Your instructions:
Write out, word for word and with no pictures, each line below from the one containing "les enfants qui" through the one containing "美国总统特朗普13日说,他拒绝向国会证实伊朗遵守伊核协议", both included, and no other line.

(Data entries)
********

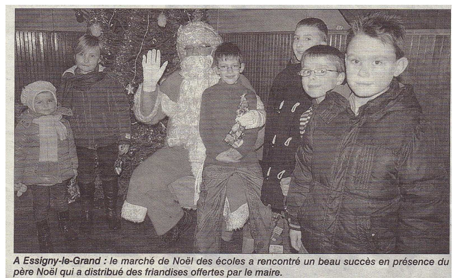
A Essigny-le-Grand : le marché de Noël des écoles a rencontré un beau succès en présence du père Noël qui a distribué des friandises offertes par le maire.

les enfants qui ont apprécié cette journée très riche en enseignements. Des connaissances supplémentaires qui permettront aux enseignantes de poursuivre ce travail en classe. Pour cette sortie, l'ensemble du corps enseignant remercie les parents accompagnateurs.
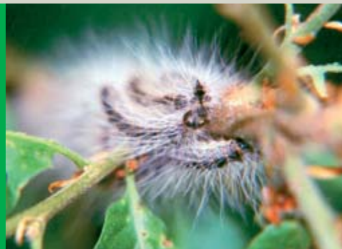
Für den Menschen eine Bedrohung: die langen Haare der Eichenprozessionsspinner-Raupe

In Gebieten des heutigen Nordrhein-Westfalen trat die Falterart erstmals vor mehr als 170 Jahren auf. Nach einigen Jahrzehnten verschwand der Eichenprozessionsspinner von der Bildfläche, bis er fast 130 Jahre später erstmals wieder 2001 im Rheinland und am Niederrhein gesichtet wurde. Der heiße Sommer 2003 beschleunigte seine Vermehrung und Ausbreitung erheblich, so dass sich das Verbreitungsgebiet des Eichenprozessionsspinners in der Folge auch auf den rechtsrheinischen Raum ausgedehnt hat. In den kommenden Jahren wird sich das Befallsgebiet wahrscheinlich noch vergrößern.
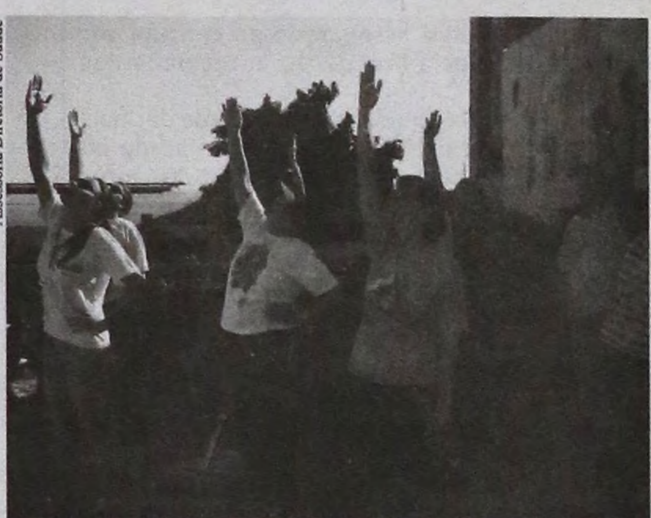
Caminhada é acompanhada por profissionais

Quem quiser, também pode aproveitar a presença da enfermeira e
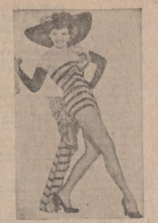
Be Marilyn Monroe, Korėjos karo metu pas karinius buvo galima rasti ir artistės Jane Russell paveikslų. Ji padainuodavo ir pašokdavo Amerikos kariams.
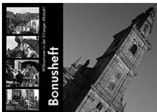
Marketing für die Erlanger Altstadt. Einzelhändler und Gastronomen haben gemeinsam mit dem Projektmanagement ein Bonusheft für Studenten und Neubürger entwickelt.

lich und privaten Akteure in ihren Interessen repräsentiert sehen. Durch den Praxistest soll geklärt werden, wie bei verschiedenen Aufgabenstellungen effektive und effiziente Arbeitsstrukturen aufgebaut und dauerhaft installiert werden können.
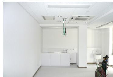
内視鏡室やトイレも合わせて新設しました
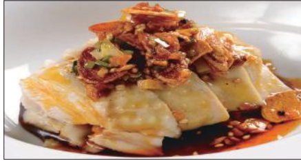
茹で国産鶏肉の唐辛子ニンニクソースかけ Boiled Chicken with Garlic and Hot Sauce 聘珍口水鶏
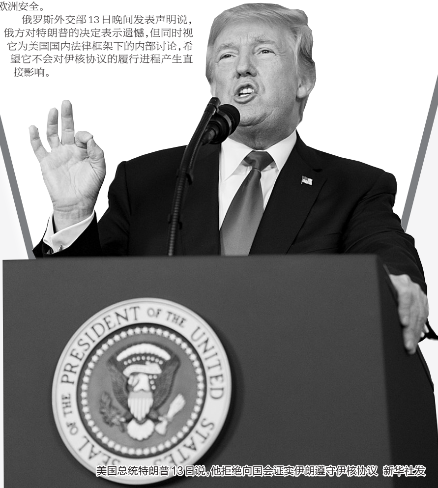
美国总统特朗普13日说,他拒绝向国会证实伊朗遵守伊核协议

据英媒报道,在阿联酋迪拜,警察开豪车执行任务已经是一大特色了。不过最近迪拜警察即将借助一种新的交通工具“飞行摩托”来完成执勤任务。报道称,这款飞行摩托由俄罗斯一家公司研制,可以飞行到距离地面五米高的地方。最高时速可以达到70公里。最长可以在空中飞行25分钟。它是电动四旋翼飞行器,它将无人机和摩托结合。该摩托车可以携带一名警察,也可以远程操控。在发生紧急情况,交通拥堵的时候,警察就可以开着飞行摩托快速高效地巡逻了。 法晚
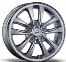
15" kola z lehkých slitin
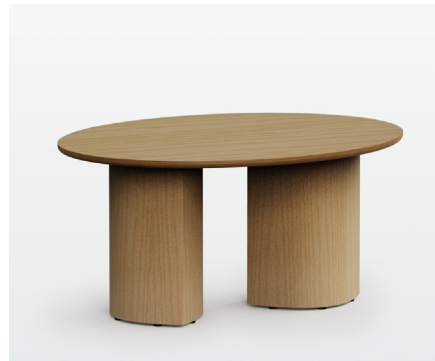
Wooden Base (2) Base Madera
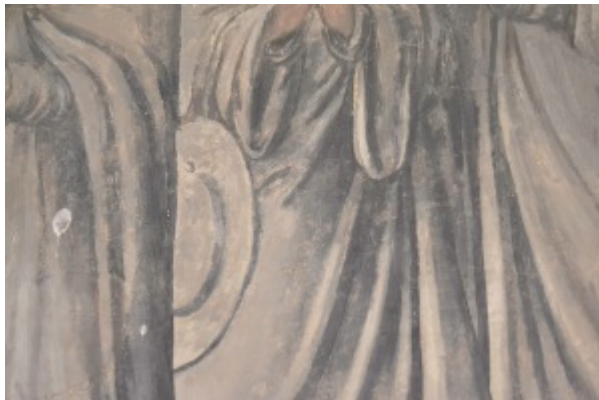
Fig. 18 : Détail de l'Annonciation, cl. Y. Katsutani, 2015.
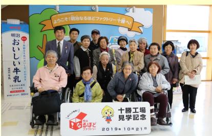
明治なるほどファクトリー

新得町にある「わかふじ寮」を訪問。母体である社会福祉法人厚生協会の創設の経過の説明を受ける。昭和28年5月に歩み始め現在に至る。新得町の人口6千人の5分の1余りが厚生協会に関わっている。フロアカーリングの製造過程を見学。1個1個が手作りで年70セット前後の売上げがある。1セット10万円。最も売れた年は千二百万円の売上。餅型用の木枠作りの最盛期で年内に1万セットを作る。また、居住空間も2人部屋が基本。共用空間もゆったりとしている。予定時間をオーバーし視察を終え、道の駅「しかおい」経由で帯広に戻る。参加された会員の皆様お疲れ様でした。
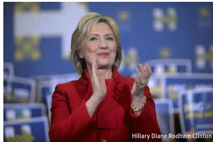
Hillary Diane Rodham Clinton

********

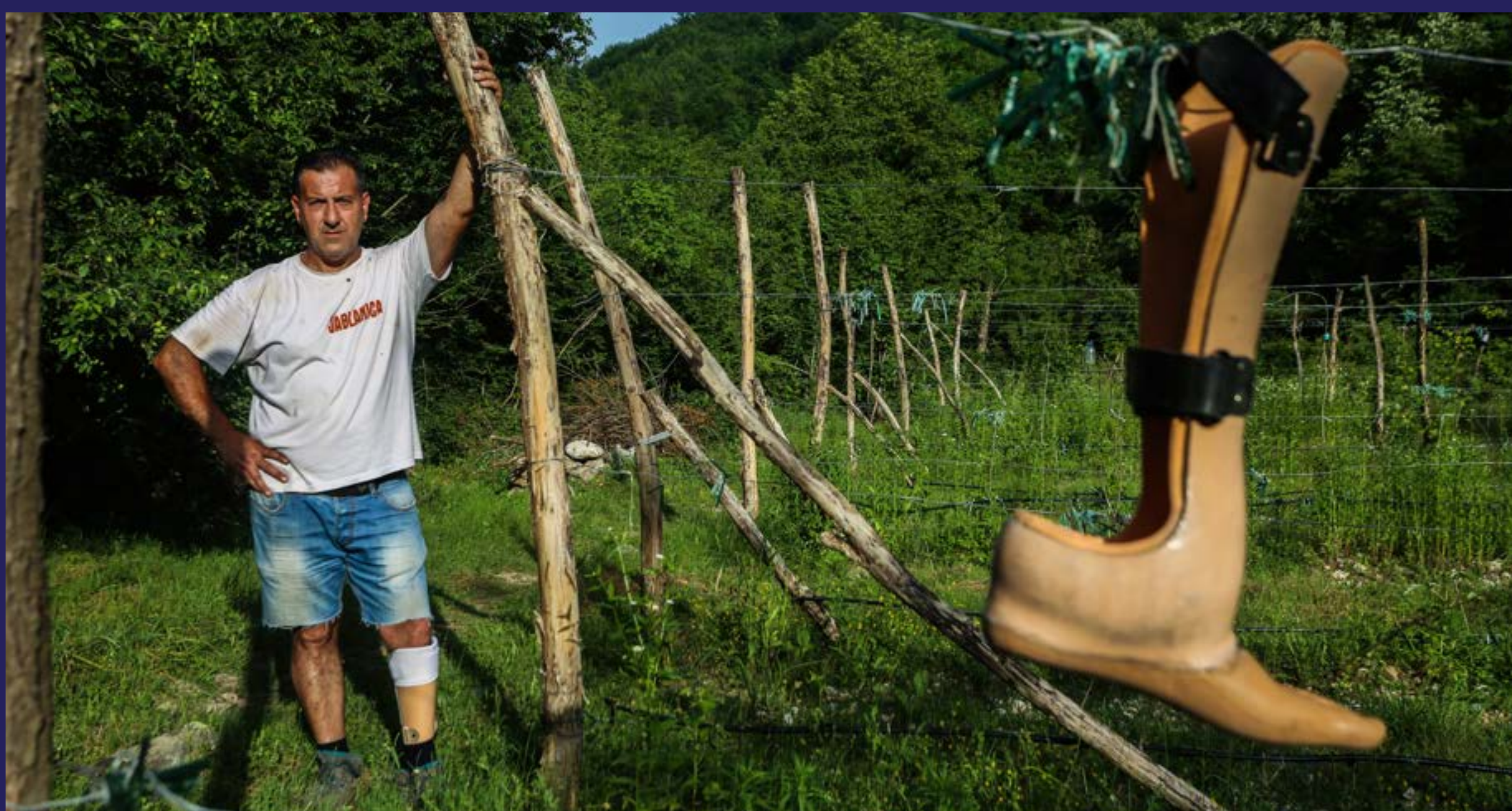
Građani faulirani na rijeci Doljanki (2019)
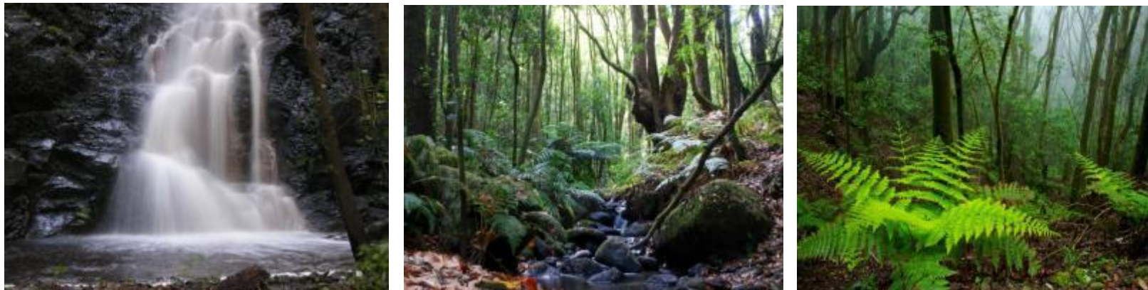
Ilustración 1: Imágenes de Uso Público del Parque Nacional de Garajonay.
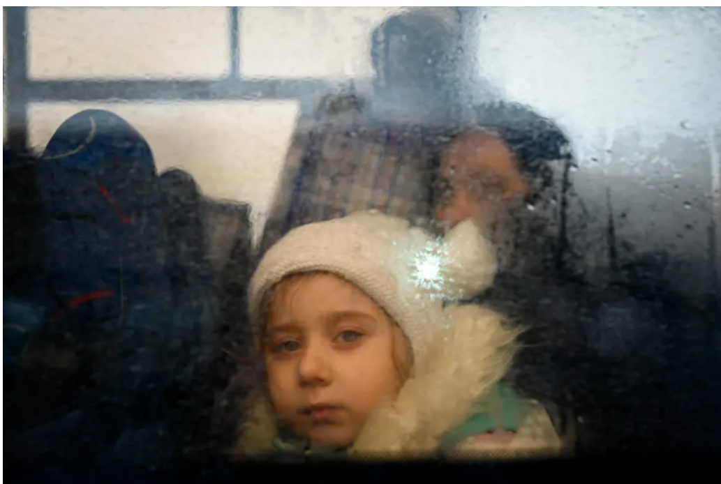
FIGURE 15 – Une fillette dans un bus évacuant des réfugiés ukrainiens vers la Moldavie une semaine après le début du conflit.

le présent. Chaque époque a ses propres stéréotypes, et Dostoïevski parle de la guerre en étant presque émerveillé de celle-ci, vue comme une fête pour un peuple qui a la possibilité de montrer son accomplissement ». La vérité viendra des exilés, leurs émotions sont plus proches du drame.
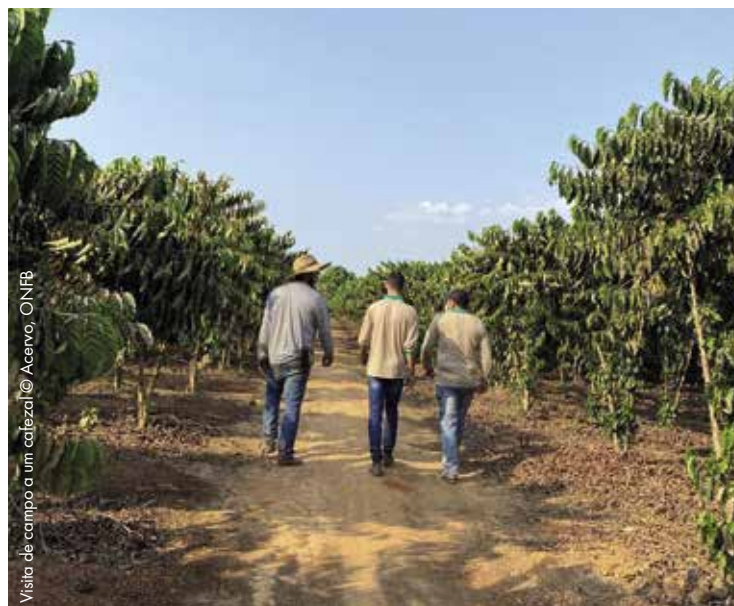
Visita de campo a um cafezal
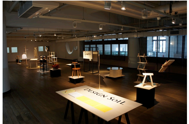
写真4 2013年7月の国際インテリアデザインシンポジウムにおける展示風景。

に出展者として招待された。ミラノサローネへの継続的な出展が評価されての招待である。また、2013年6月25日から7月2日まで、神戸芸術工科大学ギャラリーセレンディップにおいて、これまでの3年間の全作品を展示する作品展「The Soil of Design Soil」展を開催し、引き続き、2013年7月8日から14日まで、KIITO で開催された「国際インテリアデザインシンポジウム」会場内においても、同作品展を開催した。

********

Completed exercise:
les enfants qui ont apprécié cette journée très riche en enseignements. Des connaissances supplémentaires qui permettront aux enseignantes de poursuivre ce travail en classe. Pour cette sortie, l'ensemble du corps enseignant remercie les parents accompagnateurs.
Für den Menschen eine Bedrohung: die langen Haare der Eichenprozessionsspinner-Raupe

In Gebieten des heutigen Nordrhein-Westfalen trat die Falterart erstmals vor mehr als 170 Jahren auf. Nach einigen Jahrzehnten verschwand der Eichenprozessionsspinner von der Bildfläche, bis er fast 130 Jahre später erstmals wieder 2001 im Rheinland und am Niederrhein gesichtet wurde. Der heiße Sommer 2003 beschleunigte seine Vermehrung und Ausbreitung erheblich, so dass sich das Verbreitungsgebiet des Eichenprozessionsspinners in der Folge auch auf den rechtsrheinischen Raum ausgedehnt hat. In den kommenden Jahren wird sich das Befallsgebiet wahrscheinlich noch vergrößern.
Caminhada é acompanhada por profissionais

Quem quiser, também pode aproveitar a presença da enfermeira e
Be Marilyn Monroe, Korėjos karo metu pas karinius buvo galima rasti ir artistės Jane Russell paveikslų. Ji padainuodavo ir pašokdavo Amerikos kariams.
Marketing für die Erlanger Altstadt. Einzelhändler und Gastronomen haben gemeinsam mit dem Projektmanagement ein Bonusheft für Studenten und Neubürger entwickelt.

lich und privaten Akteure in ihren Interessen repräsentiert sehen. Durch den Praxistest soll geklärt werden, wie bei verschiedenen Aufgabenstellungen effektive und effiziente Arbeitsstrukturen aufgebaut und dauerhaft installiert werden können.
内視鏡室やトイレも合わせて新設しました
茹で国産鶏肉の唐辛子ニンニクソースかけ Boiled Chicken with Garlic and Hot Sauce 聘珍口水鶏
美国总统特朗普13日说,他拒绝向国会证实伊朗遵守伊核协议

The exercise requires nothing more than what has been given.